A choice example of the "knowledge" of the Bible possessed by skeptics has been related. One such skeptic was at a dinner and sat next to a Bible teacher, who engaged him in conversation, and opened to him the subject of faith in Christ. The skeptic said he had once been a reader of the Bible, but that he had grown disgusted with its errors, and no longer had any use for it. The Christian asked to know the definite things that so impressed him, and received the following answer: "When I began to read the Bible, I came across the story of Noah and the ark. I am a lumberman, and it interested me. I began to figure out its dimensions and how many feet of lumber went into it. I was astonished and impressed at its size. But a few days later, I opened the Bible again, and saw that the Levites took the ark on their shoulders and carried it around in the wilderness. Such foolishness made me angry, and I have never looked inside the book again."—Young People's Full Gospel Quarterly


The Modernists' Masquerade

Dr. George B. Foster in his "The Finality of the Christian Religion" says, "An intelligent man who now affirms his faith in miracles can hardly know what intellectual honesty means." Dr. Foster claims that "Jesus did not transcend the limits of the purely human." It was of this book that a Chicago daily wrote: "We are struck also with the hypocrisy and treachery of these attacks on Christianity. This is a free country and a free age, and men can say what they choose about religion, but this is not what we arraign these divinity professors for. Is there no place in which to assail Christianity but a divinity school? Is there no one to write infidel books except the professors of Christian Theology? Is a theological seminary an appropriate place for a general massacre of Christian doc-trines? We are not championing Chris-tianity or infidelity, but only condemning infidels masquerading as men of God and Christian teachers."—Sunday School Times


Remember

Remember how Voltaire stood in Paris two hundred years ago and said that it took 12 men to originate the Christian religion but it would take but one to eliminate it, and then he dipped his pen in the ink of hatred of his heart and wrote against God's Book and Christianity. His name is forgotten but we still have the Christian religion here, and on the very spot that he uttered these words is a printing press opened and operated by a Bible society which sends Bibles to every nation in the earth. Some 50 years ago Robert Ingersol wrote on the "Mistakes of Moses." He said, "Twenty-five years after I am dead there will not be a church in the land" Ingersol has gone but the Bible is hare, and churches are still here.—Selected


There No God

There is no God? Then tell me pray
Who started the sun on his golden way,
Who paints the flowers and tints the sky
From a pallette of color of secret dye?

Who is it that tells in early Spring
The flowers to waken, the birds to sing,
The ice to thaw, the river to flow,
And tells sleeping things to rise and grow?

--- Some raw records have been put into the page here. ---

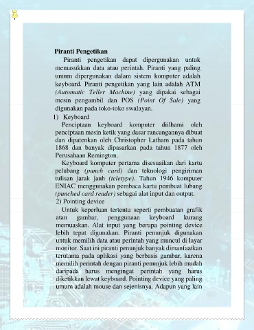 keyboard. Piranti pengetikan yang lain adalah ATM
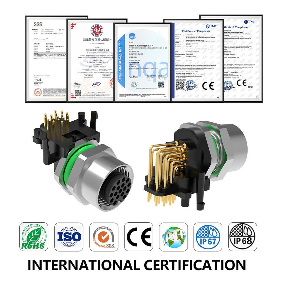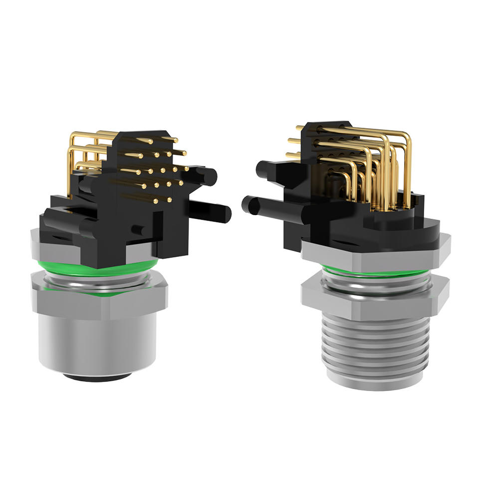 เต้ารับติดแผง M12พร้อมขายึด IP67กันน้ำ90องศา17พินสำหรับขั้วต่อทางอุตสาหกรรม
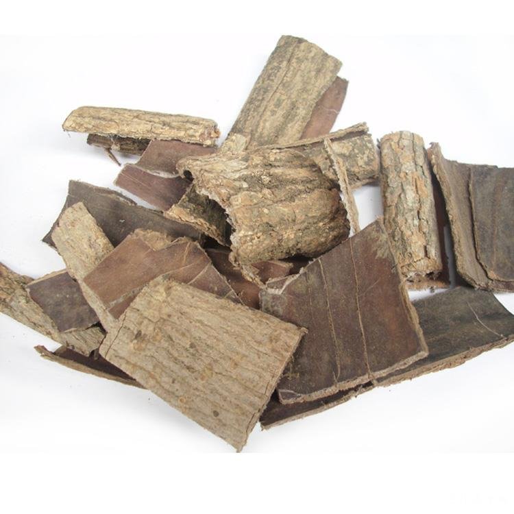 干燥树皮,为平坦的板片状或卷片状,大小厚薄不一,一般厚约3~10毫米,长约40~100厘米。外表面灰棕色,粗糙,有不规则纵裂槽纹及斜方形横裂皮孔,有时可见淡灰色地衣斑。但商品多已削去部分糙皮,故外表面淡棕色,较平滑。内表面光滑,暗紫色。质脆易折断,断面有银白色丝状物相连,细密,略有伸缩性。气微,味稍苦,嚼之有胶状残余物。以皮厚而大,糙皮刮净,外面黄棕色,内面黑褐色而光,折断时白丝多者为佳。皮薄、断面丝少或皮厚带粗皮者质次。

Who is it that set the stars in their course?
Just natural law commingled with force?
Is it that which brings comfort in hours of paid
And soothes a tired body to sleep again?

The sea and the valley, the plains and the hills,
The mighty rivers, the sparkling rills;
The primrose, the holly, the goldenrod—
All of them symbols. Is there no God? —The War Cry


Why Not An Infidel

I once met a thoughtful scholar who told me he had read every book he could which assailed the religion of Jesus Christ, "And," said he, "I should have become an infidel but for three things:

"First, I am a man. I am going somewhere. Tonight I am a day nearer the grave than I was last night. I have read all such books can tell me. They shed not one solitary ray of hope or light upon the darkness. They shall not take away the Guide and leave me stone blind.

"Second, I had a mother. I saw her go down into the dark valley where I am going, and she leaned on an Unseen Arm as calmly as a child goes to sleep on its mother's breast. I know that was not a dream.

"Third, I have three motherless daughters. They have no protection but myself. I would rather kill them than leave them in this sinful world, if you blot out the teachings of the Gospel."—Bishop Whittle, in The Christian Armour


God Is Not Mocked

A notorious infidel had a considerable following in a certain town. He was one of the braggart stamp, and seemed to revel in his outpourings of blasphemy against God. One day, in the height of his folly, he challenged God, if such a Being existed, to fight him in a certain wood.

The day came, and he went defiantly to the wood, stayed a certain time, and returned home again apparently all right, and no doubt jubilant of his seeming success.

But when in the wood there had alighted on his eyelid a tiny midge, which he brushed away, paying no attention to it. At night it swelled up, and blood poisoning setting in, he died.

"The fool bath said in his heart, There is no God." God sent one of His tiniest insects, and the boasting braggart fell before it.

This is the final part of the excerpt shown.